PM promises a quick response to Abbas letter on new talks

PM promises a quick response to Abbas letter on new talks

Fayyad a last-minute no-show as Netanyahu hosts Erekat-led Palestinian team in Jerusalem

Prime Minister Benjamin Netanyahu on Tuesday afternoon hosted a Palestinian delegation for much-anticipated talks, and received a much-discussed letter sent by Palestinian Authority President Mahmoud Abbas, but PA Prime Minister Salam Fayyad was not among the participants.

The Times of Israel was told that, until the very last moment, Netanyahu did not know whether Fayyad would be coming.

Netanyahu and Yitzhak Molcho, his envoy to negotiations with the Palestinians, met with Saeb Erekat, the senior Palestinian negotiator, and Majid Faraj, the PA’s head of General Intelligence, the Prime Minister’s Office said.

The Palestinians gave Netanyahu the letter from Abbas setting out terms for a resumption of negotiations.

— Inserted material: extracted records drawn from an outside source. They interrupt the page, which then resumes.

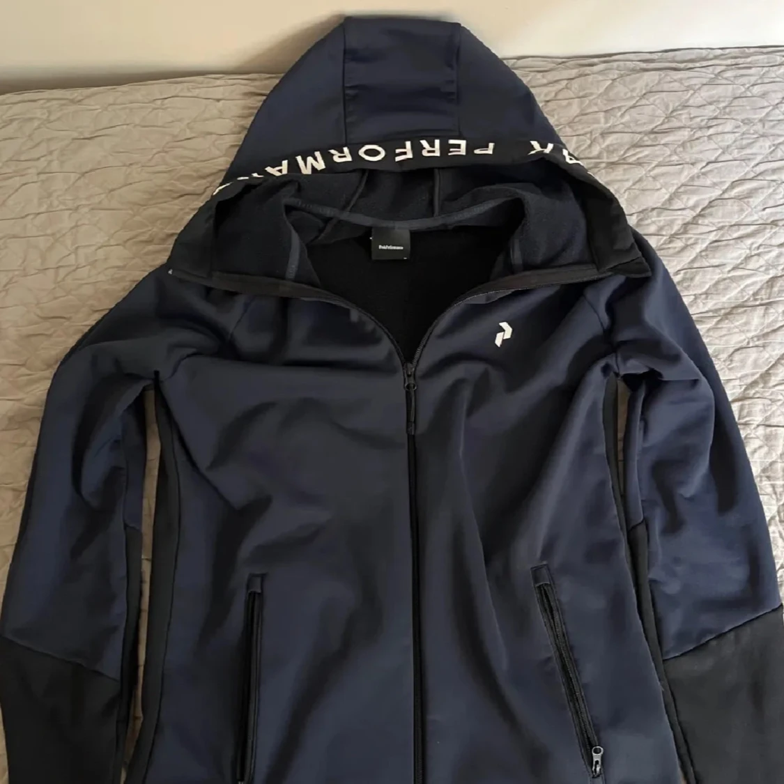 Snygg mörkblå träningsjacka från Peak Performance med dragkedja och huva, strl S i riktigt bra skick. Hör av er ang frågor om tröjan!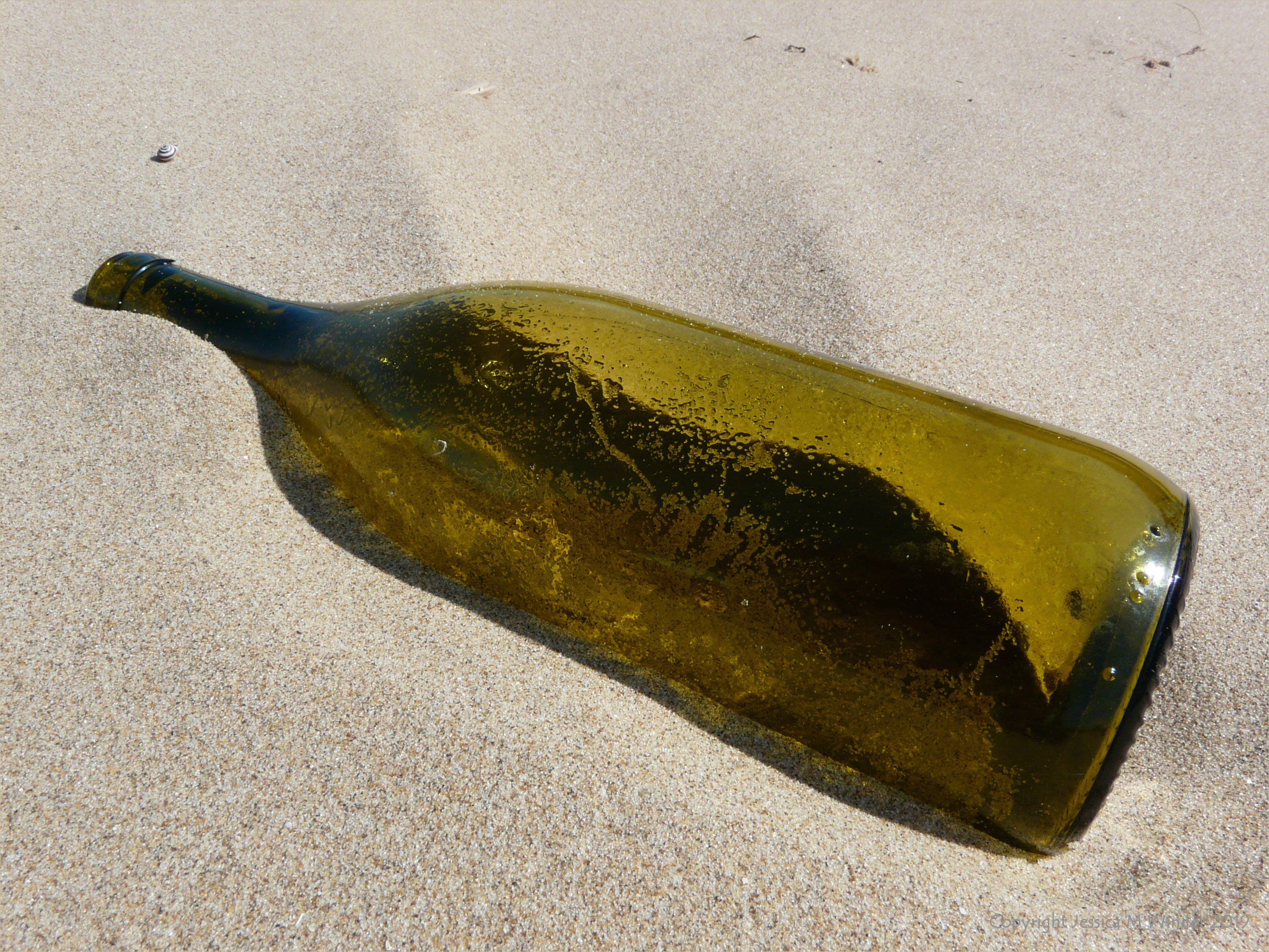 Empty wine bottle washed ashore as flotsam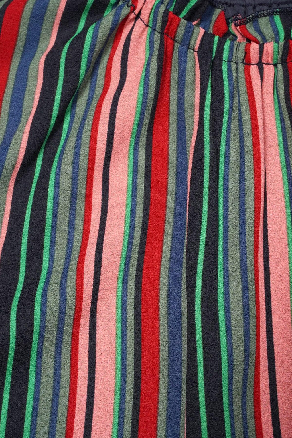 Heb je het plooi detail bij de mouwen al gezien? Dit blousje gemaakt van gerecycled polyester heeft een smockband bij de zoom en mouwen. Frisse strepen print die lekker te combineren is met groen, roze, rood en navy onderstukken uit onze winter collectie. Het blousje is gevoerd met een fijne dunne katoenen voering. Elastieken hals zonder lastige knoopjes! Makkelijk zelf aan te krijgen zonder hulp van mama.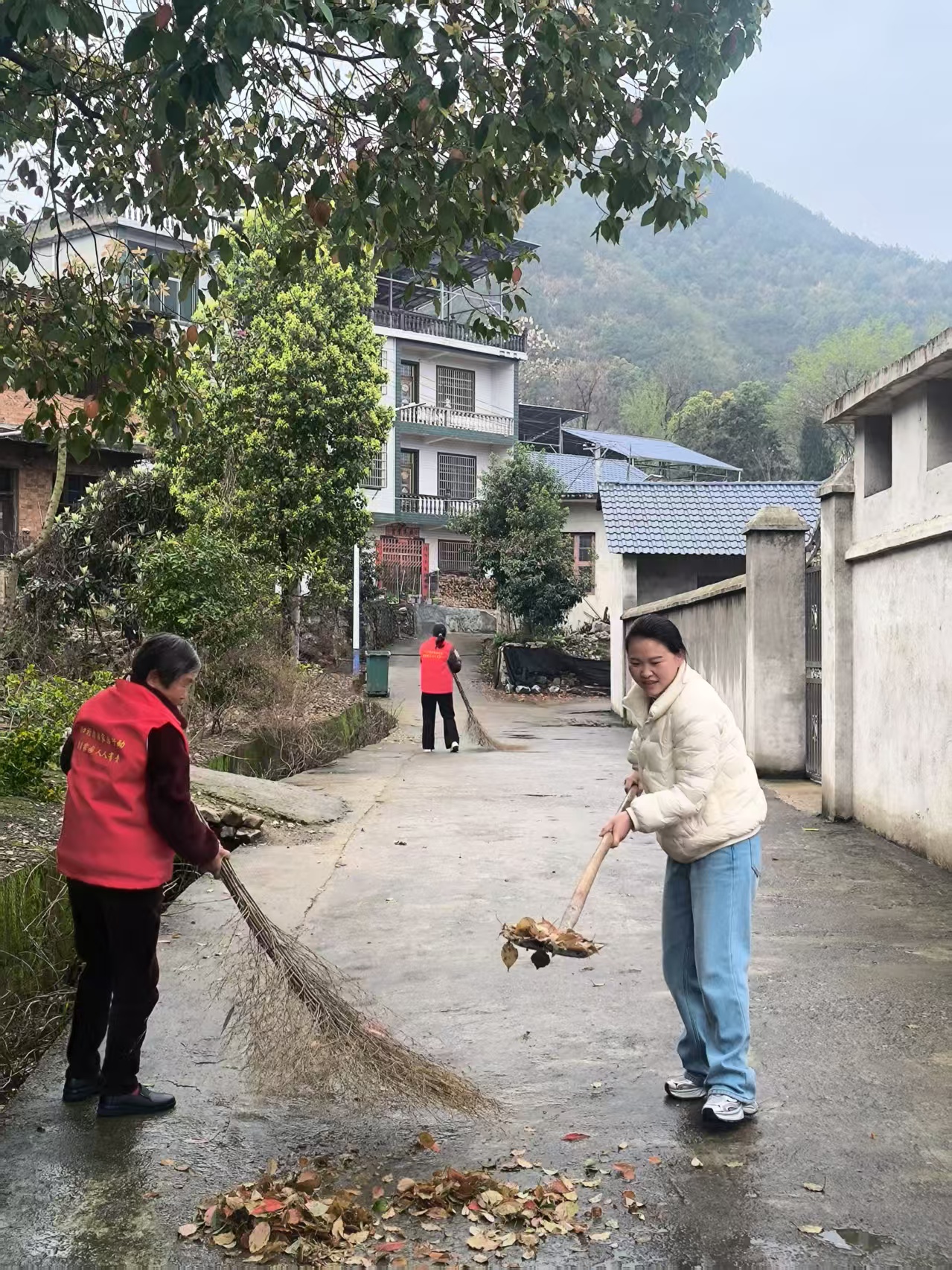 在村“两委”的组织和村妇联带动下,身着鲜艳“红马甲”的巾帼志愿者们迅速集结。大家手持扫帚、铁锹、垃圾袋等清洁工具,重点对村内主干道路、公共区域、房前屋后、沟渠河道以及各类卫生死角进行拉网式清理。无论是散落的生活垃圾、随意丢弃的杂物,还是堆积的枯枝落叶,都被细致地清扫、归集、转运。党员与群众同心,巾帼与志愿同行,形成了人居环境整治的强大合力。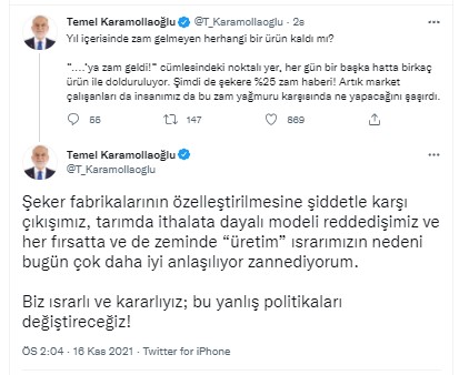 Saadet Partisi (SP) Genel Başkanı Temel Karamollaoğlu, şekere yapılan yüzde 25 zammına sosyal medya hesabından yaptığı açıklamayla tepki gösterdi.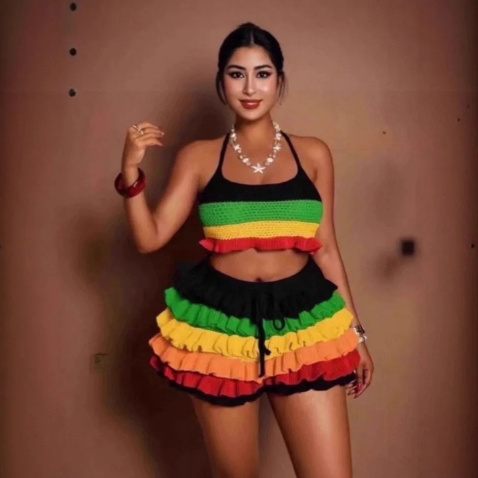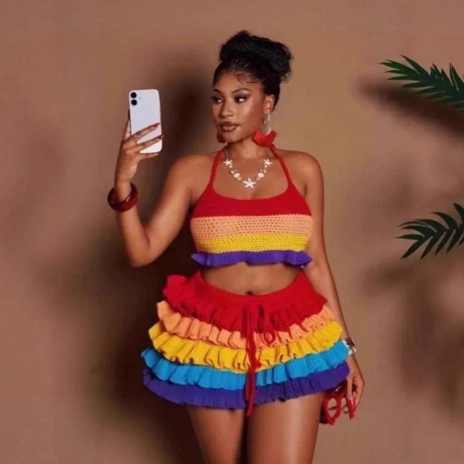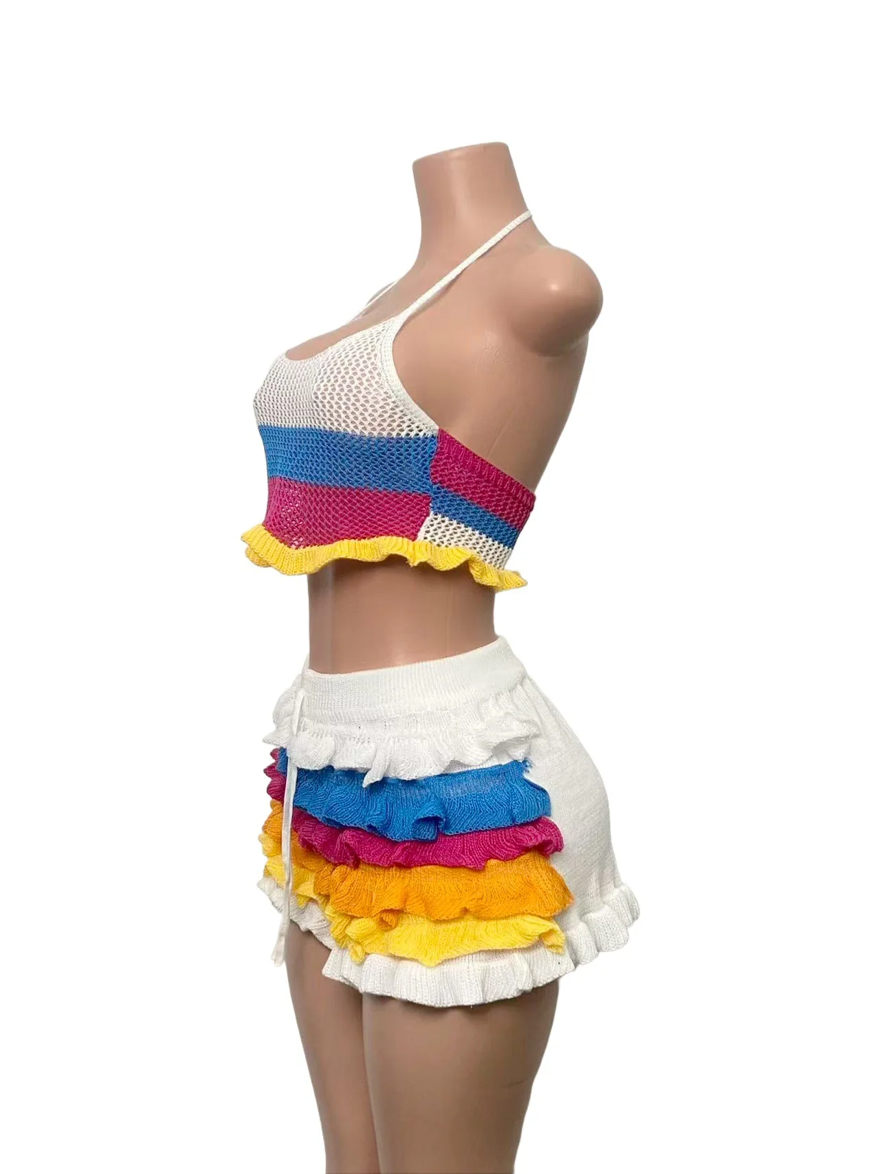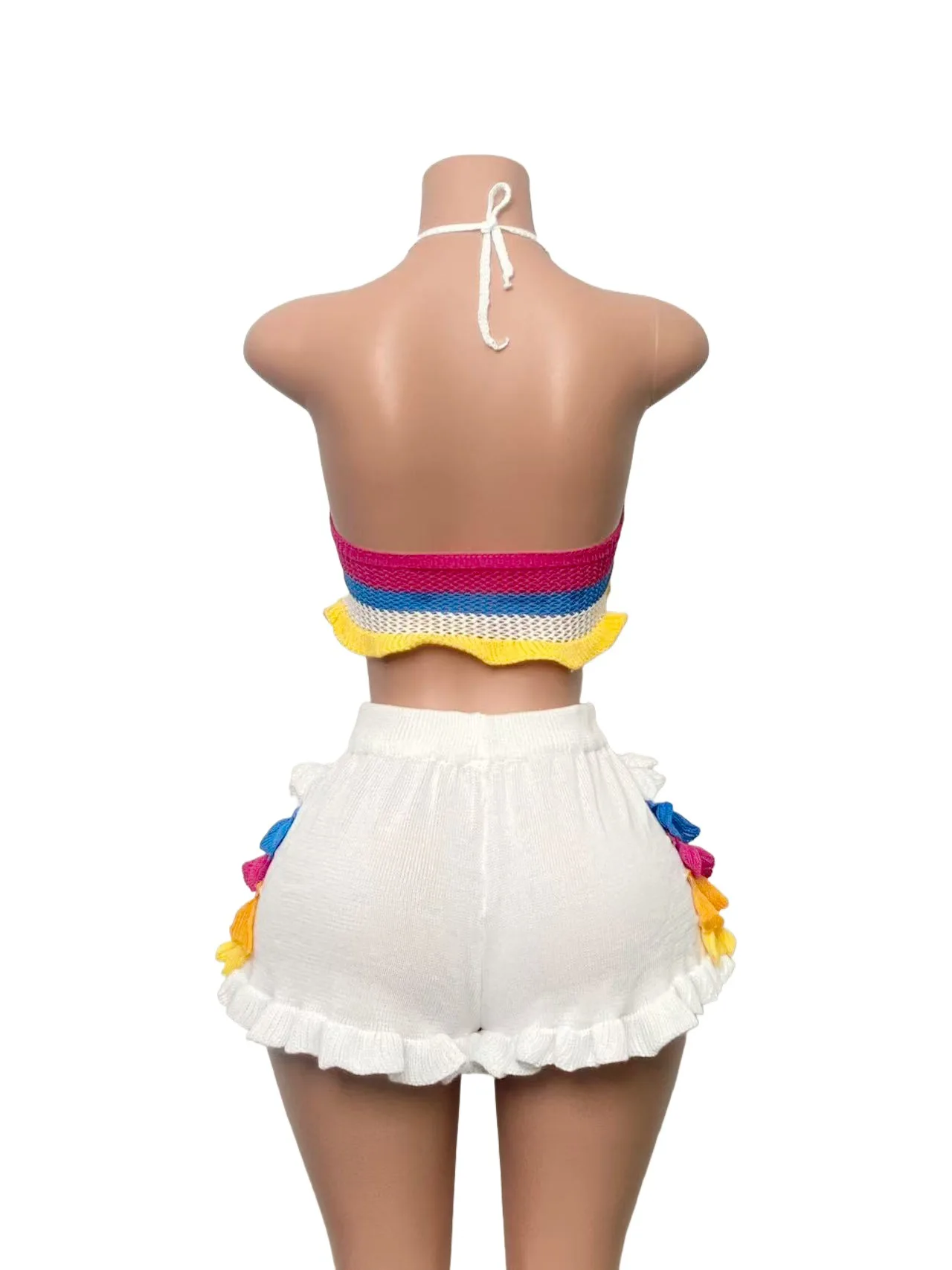 A vibrant, head-turning two-piece set designed for sunny days and stylish nights. This matching ensemble features a sexy halter-neck top in colorful striped knit fabric paired with playful ruffled shorts, creating a coordinated look that's both fun and fashion-forward.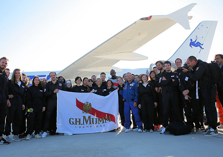 It took three years of research and experimentation to develop Mumm Grand Cordon Stellar, the first champagne designed to be tasted in space. For this world premiere, Maison Mumm symbolically chose to fly over the vineyards of Reims to present its innovation during a zero-gravity flight.
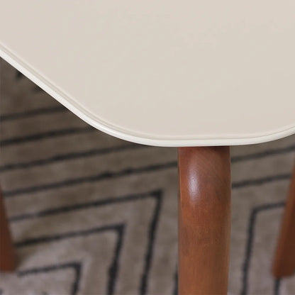 Pés usinados em madeira maciça com pintura PU e sapatas plásticas para proteção.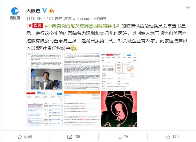 除此外,企业新媒体「天眼查」在事件当天公布了涉事医院的企业资本信息,今日再次公布贺建奎名下企业资本情况。新媒体时代,每个个体都有能力拨开“基因编辑”事件的迷雾。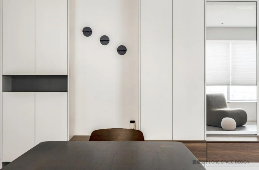 There is no extra decoration, low saturation color and extremely simplified shape, while ensuring sufficient storage space, it still maintains a simple visual sense, making the entire living room full of simple, soft and quiet feeling.
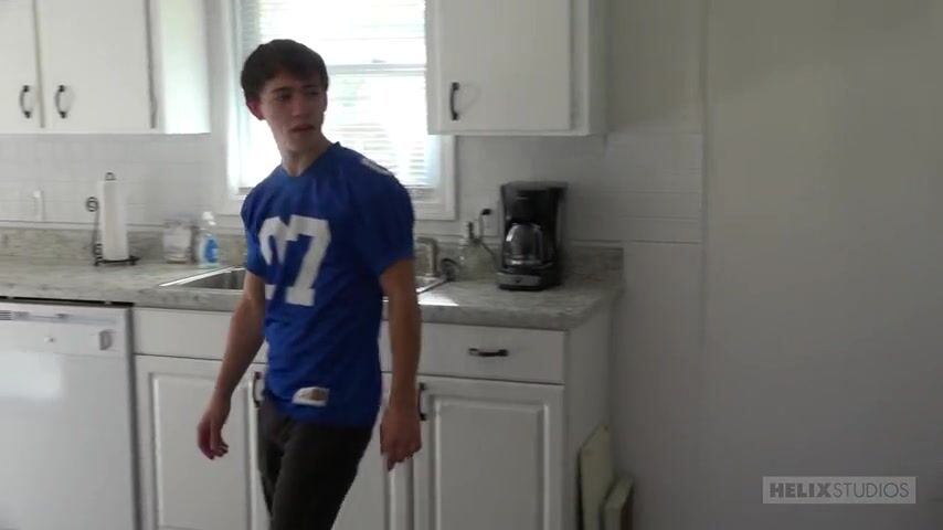 Football player Zach Taylor catches a glimpse of his roommate's tight little ass while he is doing some weight training. Mills didn't have enough time to react as the young footballer smacked him right in the groin, and the result was instant and painful.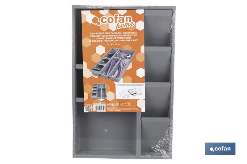 COFAN 44000017 - ORGANIZADOR PARA CAJON CON SEPARADORES COLOR GRIS 30 X 45 X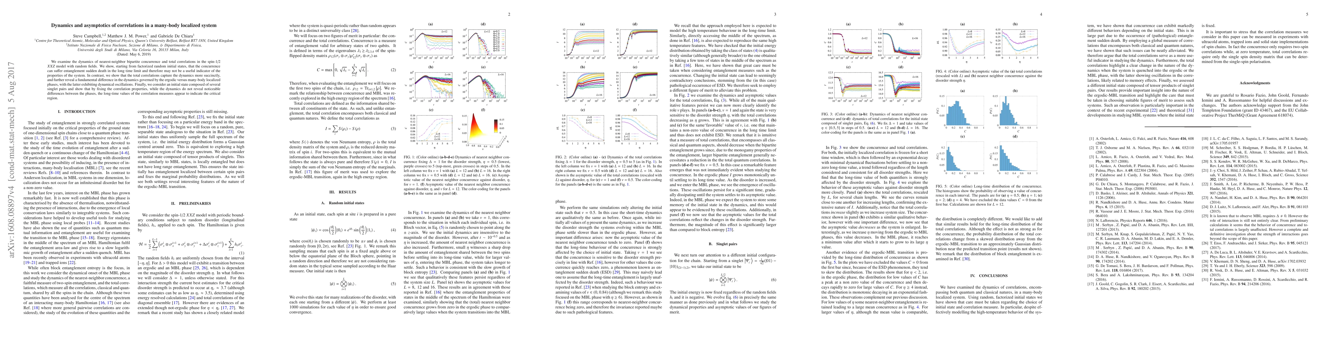 This study examines correlations in a many-body localized system and finds that total correlations are more informative than concurrence about the system's dynamics, revealing distinct behaviors between ergodic and many-body localized phases.
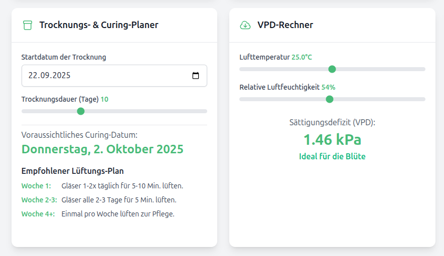 Nutzen Sie den Trockengewichtsrechner, die Ertragsprognose sowie den Ernte- und Curing-Planer für eine präzise Zeitplanung und Qualitätsoptimierung.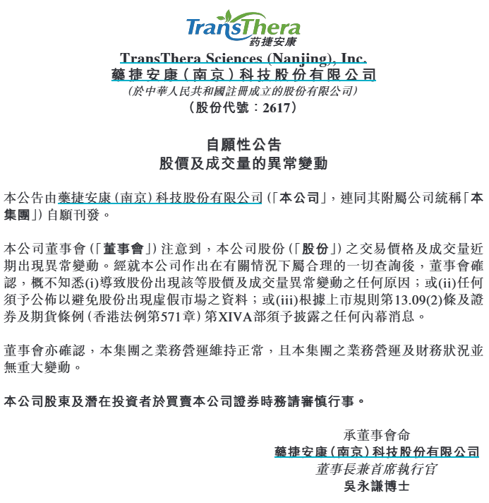 9月16日,港股生物医药板块上演了惊心动魄的“过山车”行情。大牛股药捷安康-B(02617.HK)在早盘一度冲高至679.5港元/股,大涨63.73%,市值一度逼近2700亿港元。但午后股价断崖式跳水,最低触及165港元/股,日内最大跌幅超过75%,市值跌至不到700亿港元,以最高点计算,股价单日大跌514.5港元,一手500股亏损超25万港元。截至收盘,股价虽略有回升至192港元/股,但仍较前一日大跌53.73%。 消息面上,药捷安康今日午间发布称公告,注意到公司股票交易价格及成交量近期出现异常变动。董事会确认,概不知悉导致股份出现该等股价及成交量异常变动之任何原因;或任何须予公布以避免股份出现虚假市场之资料;或根据上市规则须予披露之任何内幕消息。董事会亦确认,本集团之业务营运维持正常,且本集团之业务营运及财务状况并无重大变动。 ![]() 公开资料显示,药捷安康成立于2014年,是一家以临床需求为导向、处于注册阶段的生物制药公司,专注于发现及开发肿瘤、炎症及心血管疾病小分子创新疗法。公司今年6月23日登陆港交所,IPO发行价格为13.15港元/股;上市后股价呈震荡上行态势,尤其9月10日后大幅增长,9月16日盘中触及679.5港元/股最高价。以发行价计算,上市不满三个月的药捷安康,股价最高涨超50倍。 本轮行情起点始于9月10日,当日公司宣布其核心产品替恩戈替尼(Tinengotinib,TT-00420)一项临床试验获得临床默示许可的公告。资料显示,该产品是世界首个且唯一已进入注册临床阶段治疗FGFR抑制剂复发或难治性胆管癌(CCA)患者的研究药物,它还是全球首个和唯一一个可能同时抑制FGFR/JAK通路,且针对mCRPC有临床疗效证据的研究药物。 而相关公告发布后的三个交易日内,药捷安康股价累计飙升361.11%,其中,9月12日大涨77.09%,9月15日涨幅更是高达115.58%。 股价大涨的另一推手或为港股通纳入效应。9月8日,港股通标的名单调整正式生效,新纳入映恩生物-B、药捷安康-B、碧桂园、正力新能等20只股票,剔除西锐、宜搜科技、知行科技、美中嘉和等20只股票。其中,药捷安康-B和映恩生物-B两只次新股均出现股价大涨。 CIC灼识咨询创始合伙人侯绪超向21 财经·南财快讯记者表示,港股上市公司被纳入港股通后,内地投资者可直接参与投资,客观上有助于提升股票的成交量和市场活跃度。但本轮药捷安康股价的波动,却属于游资趁公司正式纳入港股通之际,借利好消息炒作。侯绪超表示,从外部了解的信息看,药捷安康研发进度和公司运营均正常有序,但是目前公司股价已完全脱离基本面。对于被游资爆炒爆拉的个股,应尽快远离。 事实上,股价的疯狂已与药捷安康的基本面形成鲜明反差。作为一家处于临床阶段的Biotech公司,药捷安康尽管核心产品研发成果显著,但目前尚未实现商业化盈利。 财报显示,药捷安康在2022年、2023年、2024年分别亏损2.52亿元、3.43亿元、2.75亿元,三年累计亏损达8.7亿元。2025年上半年仍延续亏损态势,营收仅为98.6万元,同比大跌90.4%,税前亏损1.23亿元。截至2025年6月30日,公司的现金及现金等价物仅有4.49亿元。而上半年的研发成本为0.98亿元,管理成本为2747万元,公司资金链正面临考验。 (文章来源:21世纪经济报道) |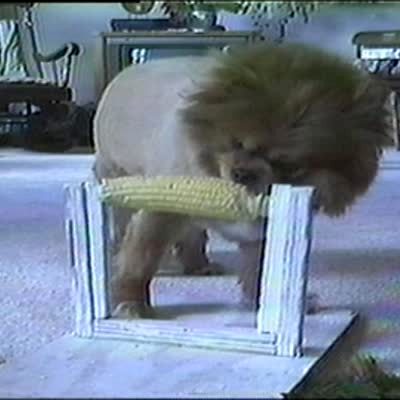 Man puts hands through a shirt with a dog's head sticking out of the neck collar and feeds the sheep dog with a spoon. Looks like a dog with human hands.

Netanyahu will respond in writing within two weeks, his office said. “Both sides hope this exchange of letters will help find a way to advance peace,” said a joint statement released after the meeting.

Sources in Jerusalem said later that there was “nothing new” in the Abbas letter.

Fayyad, Palestinian sources said, opted to stay away, in part, because he was uncomfortable with the idea of meeting Netanyahu, and possibly being photographed with him, on a day the Palestinians are marking as Prisoners Day, and which has seen the start of a mass hunger strike by Palestinian security prisoners.

The Netanyahu-Fayyad meeting was announced last week, and, albeit in its reduced form, represented the first high-level contact between the two sides since official talks in Jordan broke down in January.

Defense Minister Ehud Barak had said Tuesday morning that the meeting might be called off because of a dispute over money transfer issues between Israel and the PA. Fayyad had been widely reported to be unhappy about attending.

The missive from Abbas, published by The Times of Israel on Sunday, includes demands for Israel to cease building across the Green Line, release all prisoners and agree to the establishment of a Palestinian state on the 1967 borders with possible small adjustments.

In the letter, some of which is markedly bitter in tone and questions Netanyahu’s commitment to a two-state solution, Abbas comes close to threatening to dismantle the PA in frustration at the diplomatic deadlock — as he has reportedly contemplated doing — but he refrains from making such a statement.